Madrid city councillor
- Incumbent
- Assumed office 13 June 2015

Personal details
- Born: 13 April 1988 (age 38) Madrid, Spain
- Citizenship: Spanish
- Party: Más Madrid (since 2019)
- Other political affiliations: Podemos (2014–2018) Ahora Madrid (2015–2019)
- Alma mater: Complutense University of Madrid

= Rita Maestre =

Spanish political scientist and politician (born 1988)

Rita Maestre Fernández (born 1988) is a Spanish political scientist and politician. A member of the Madrid City Council since 2015, she served as Spokesperson of the municipal government board presided by Manuela Carmena from 2015 to 2019.

== Biography ==
Born in Madrid on 13 April 1988, she grew up in the neighborhood of Ventas. She is daughter of civil servants, her father having worked for the Tax Agency and her mother for the City Council. Graduated in political science at the Complutense University of Madrid (UCM) she later took post-graduate studies in International Economy. She was a founder of the Juventud sin Futuro group in 2011 and took part in the 15-M protests.
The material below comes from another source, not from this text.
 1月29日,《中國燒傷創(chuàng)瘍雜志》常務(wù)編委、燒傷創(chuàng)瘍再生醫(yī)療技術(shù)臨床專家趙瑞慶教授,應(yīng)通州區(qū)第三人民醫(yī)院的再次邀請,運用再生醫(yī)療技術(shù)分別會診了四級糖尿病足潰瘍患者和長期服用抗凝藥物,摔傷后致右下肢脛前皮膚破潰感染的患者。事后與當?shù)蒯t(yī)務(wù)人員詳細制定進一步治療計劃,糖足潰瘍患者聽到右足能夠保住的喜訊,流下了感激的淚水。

A collaborator in LaTuerka TV show, she joined Podemos, helping in the party campaign for the 2014 European Parliament election.
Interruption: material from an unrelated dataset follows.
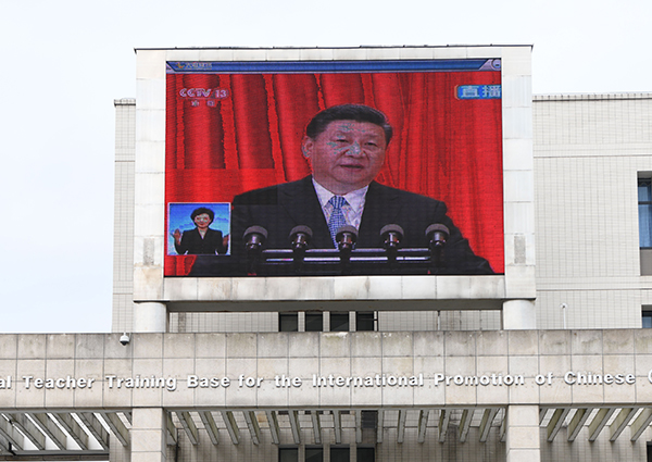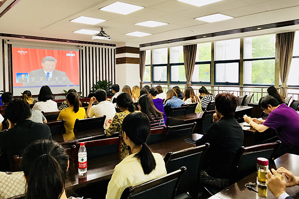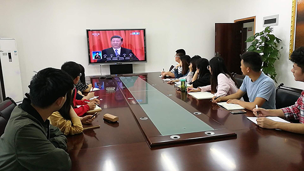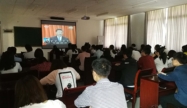 bat365党委中心组在综合行政楼309会议室集中收看了大会现场直播。中心组成员们认真聆听习近平总书记在大会上发表的重要讲话,就相关重点内容进行了深入交流讨论。全校各二级基层党组织、各学院也分别组织教职工、学生党员及入党积极分子、青马学员集中观看大会盛况。校党委宣传部利用演播大厅、图书馆广场大屏幕、大型会议室等,持续播放大会直播视频,营造热烈的校园学习氛围。

Following the October 2014 Podemos meeting in Vistalegre, Maestre became a member of the party's Citizen Council in the Constituent Assembly celebrated a month later.
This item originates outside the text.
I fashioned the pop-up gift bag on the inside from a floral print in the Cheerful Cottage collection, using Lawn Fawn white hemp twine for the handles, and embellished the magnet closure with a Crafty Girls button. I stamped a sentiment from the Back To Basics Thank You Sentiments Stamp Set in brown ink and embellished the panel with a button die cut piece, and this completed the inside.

She ran 5th in the Ahora Madrid list for the May 2015 Madrid municipal election, being elected to the City Council. As Manuela Carmena was invested as the new Mayor on 13 June, Maestre was included in the municipal government board (Junta de Gobierno) assuming the government area of "Spokeswomanship, Coordination of the Government Board and Relations with the Plenary". She also briefly held the councillery-presidency of the Salamanca district.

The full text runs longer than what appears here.